The hearing starts about 1:30pm on the 17th. If you'd like to attend and testify, RSVP to Hans West Salem Beyond Coal (westh3@gmail.com) copy RSVP to Laura Stevens Sierra Club Beyond Coal (laura.stevens@sierraclub.org)

Update, November 29th

Here's more disconnect:

3 comments:

Laurie Dougherty said...

If you can't get to the ODOT hearing on ConnectOregon funding, written testimony can be submitted through July 25 to: ConnectOregon@odot.state.or.us
or via hard copy to: ODOT, Attn: Chris Cummings, 555 13 St. NE, Salem, Oregon 97301.

Anonymous said...

Bike Portland has more on Connect Oregon -

http://bikeportland.org/2014/07/16/bikeped-belong-question-states-funding-bike-projects-108871

Anonymous said...

And here's Peter Wong's piece in the Portland Tribune on the final OTC vote -

http://portlandtribune.com/sl/231074-95161-coal-export-project-gets-docked

The coal project was dropped, but the two oil projects moved forward.

"Voting in the majority to delete funding for the Berth 2 project were commission members Dave Lohman of Medford, Catherine Mater of Corvallis and Alando Simpson of Portland.

“I think we have an obligation to ask ourselves if we are approving projects that would limit the ability of future generations to meet their needs,” Lohman said in a recording made available by the ODOT staff.

Mater said she had no problem with funding for two other related projects that drew criticism.

But the ready-to-go status of the Berth 2 project, Mater said, “is where I begin to get some heartburn.”

She said unlike the Berth 1 project at the Port of St.
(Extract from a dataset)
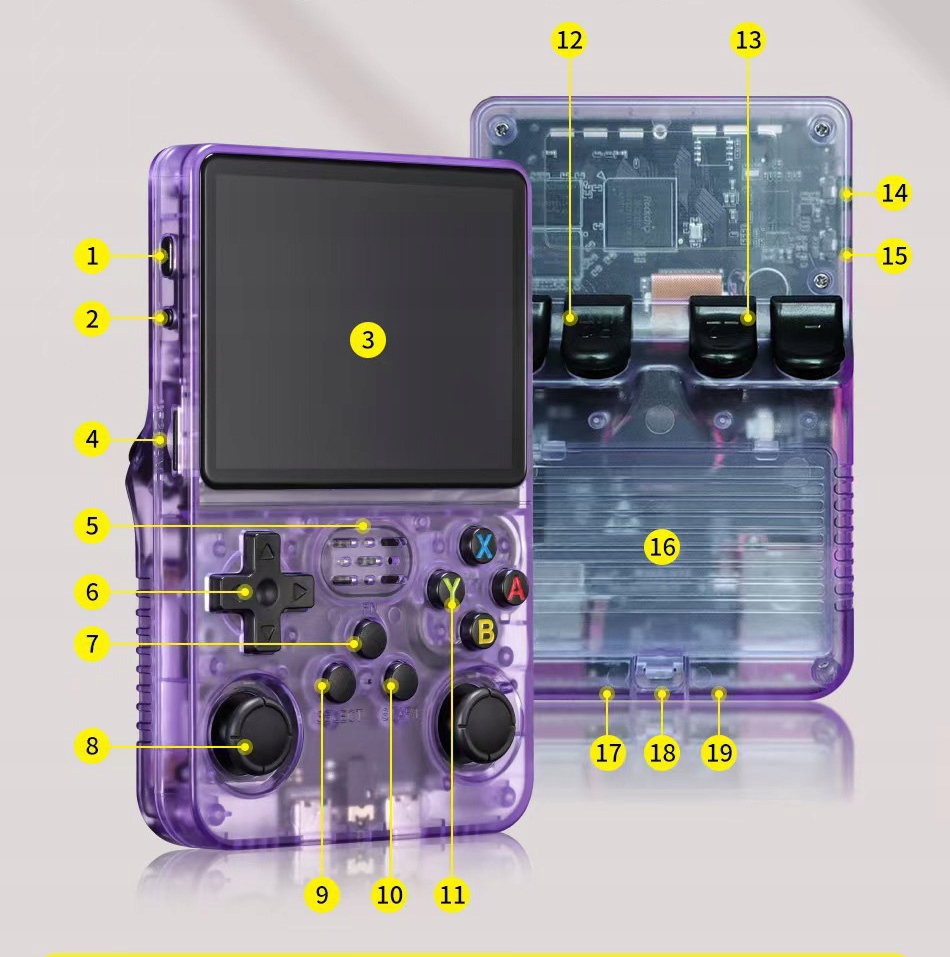 , оснащенное Linux, 3,5-дюймовым экраном IPS из OCA, полностью соответствующего HD HD MIPI с разрешением 640x480 и профессионального процессора для RK3326, 1,5 GHZ, 64-летние игры System Game System System System System Game System System. Начиная с большими 2D -играми и некоторыми 3D -играми. Оснащен кнопками 4 L/R на задней части, изогнутой и обеспечением адгезии для лучшего игрового процесса. Адаптер (кабель OTG не включен). 3000 мАч:

Helens, which would ease oil shipments, the Department of State Lands has raised questions about the Berth 2 project รข€“ and that commission members became aware of those concerns only after the July 17 hearing.

Voting in the minority were members Tammy Baney, a Deschutes County commissioner, and Susan Morgan, a Douglas County commissioner. They said all the projects complied with the applicable requirements — and that lawmakers might think twice about future funding for nonhighway projects and the commission’s role if the commission started imposing its own judgments."

Baney has a public health background, and so it's interesting she accepted coal. It's also interesting that she apparently made explicit the notion that the OTC is not to exercise independent judgement in the final approvals.